Wizz Air passenger numbers rise 2.1% in May; BAT backs FY guidance
London open
The FTSE 100 was called to open around 20 points lower.
Stocks to watch
Budget carrier Wizz Air said May passenger numbers rose 2.1% although capacity was still impacted by the grounding of 45 Airbus aircraft due to issues with their Pratt & Whitney GTF engines.
The airline carried 5.1 million passengers with a load factor of 91%, up from 90% from 2023. Capacity rose 1.2% year on year to 5.6 million seats.
Cigarettes, tobacco and vape manufacturer British American Tobacco said it remains on track to hit guidance this year after first-half trading met expectations.

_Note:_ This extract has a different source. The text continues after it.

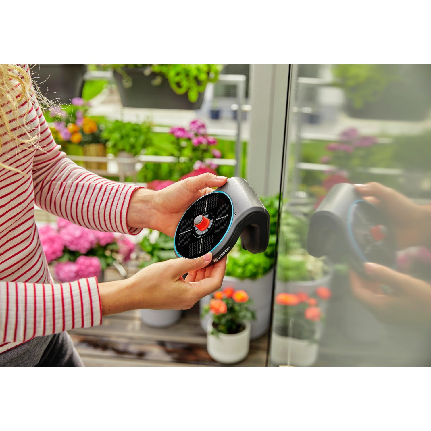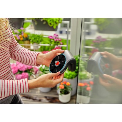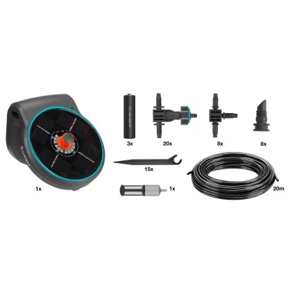 Péče o rostliny, když nejste doma. S Gardena solárním zavlažováním AquaBloom jsou vaše balkonové rostliny a rostliny v květináčích v dobrých rukou - po celou sezónu. AquaBloom zavlažuje a postará se o vaše rostliny i v době, kdy nejste poblíž. Užitečný systém nevyžaduje na vaší zahradě nebo terase ani vodovodní kohoutek, ani zdroj energie. Připraveni budete jenom s dodatečnou nádobou na vodu. Sada AquaBloom je kompletní zavlažovací systém připravený k použití, skládající se z hlavní jednotky 3 v 1. Je kombinací čerpadla pro čerpání vody, řídicí jednotky pro definování zavlažovacího plánu a solárního panelu, který napájí dodávané dobíjecí baterie. Neustálou kontrolu nad zavlažováním až pro 20 rostlin vám umožní 14 předdefinovaných zavlažovacích programů pomocí tlak vyrovnávajících kapačů. Každý kapač propustí až 300 ml. Nezapomeňte, že si můžete flexibilně zvolit nejvhodnější lokalitu pro umístění AquaBloom. Vyberte si slunné místo pro řídicí jednotku: zavěste ji na květináč, položte jej na stůl nebo připevněte na zeď. Instalace solárního zavlažování AquaBloom je jednoduchá a bez nářadí!

Full-year results, which should deliver low-single digit increases in revenue and adjusted profit, will be weighted to the second half as previously highlighted, with growth still expected to accelerate “driven by the phasing of innovation in New Categories, and the benefits of H1 investment in US commercial actions and related wholesaler inventory movements”.
Newspaper round-up
Lawyers and HR experts expect an increase in employment tribunal cases as companies increasingly clamp down on working from home and staff become resentful that the flexibility they have enjoyed since the pandemic is being slowly rolled back. A number of companies are now advocating a full five-day return to the office, with others enforcing a minimum number of days in the workplace. Administrative staff at Boots, who previously worked in the office three days a week, will return to the office five days a week from September. Many US banks, such as Goldman Sachs, also expect senior staff to come in for the full week, and its chief executive, David Solomon, labelled remote working an “aberration”. – Guardian
Star fund manager Nick Train has paid himself an estimated £14m dividend despite apologising last month for a recent run of poor stock-picking. Accounts for Lindsell Train, the investment firm founded by Mr Train and Mike Lindsell, showed its founders shared a dividend pot worth £39m in the year to January. Mr Train and Mr Lindsell, with their spouses, each own around 36pc of the business. - Telegraph
The US owner of Channel 5 has agreed to a $8bn (£6.3bn) merger deal with a billionaire tech heir’s production company, signalling an end to a months-long takeover saga. Paramount, the TV and film studio formerly known as ViacomCBS, has reportedly agreed to the terms of a merger with Skydance, a company set up by David Ellison, whose father is the Silicon Valley mogul Larry Ellison. – Telegraph
London must not become a listings venue of “last resort” for companies with “dubious human rights records”, one of London’s leading fund managers has warned in a broadside against the City’s bid to host the $70 billion float of Shein. Peter Hugh Smith, chief executive of CCLA Investment Management, which oversees about £14 billion of assets and is an investor in Amazon, said reports that the Chinese fast fashion group was eyeing a float in the UK were “worrying”. – The Times
Sam Altman, chief executive of OpenAI, has quietly built up a portfolio of personal investments valued at almost $3 billion in technology companies, some of which do business with his artificial intelligence firm. Altman, 39, has become one of Silicon Valley’s most prolific investors with holdings in more than 400 companies, including Airbnb, Stripe and Reddit, managed by his family office. The scale of his investment empire was first reported by The Wall Street Journal. - The Times
US close
Wall Street stocks delivered a mixed performance on Monday after a big day for the blue-chip Dow Jones in the previous session.
At the close, the Dow Jones Industrial Average was down 0.30% at 38,571.03, while the S&P 500 advanced 0.11% to 5,283.40 and the Nasdaq Composite saw out the session 0.56% firmer at 16,828.67.
The Dow closed 115.29 points lower on Monday, taking a bite out of solid gains recorded in the previous session.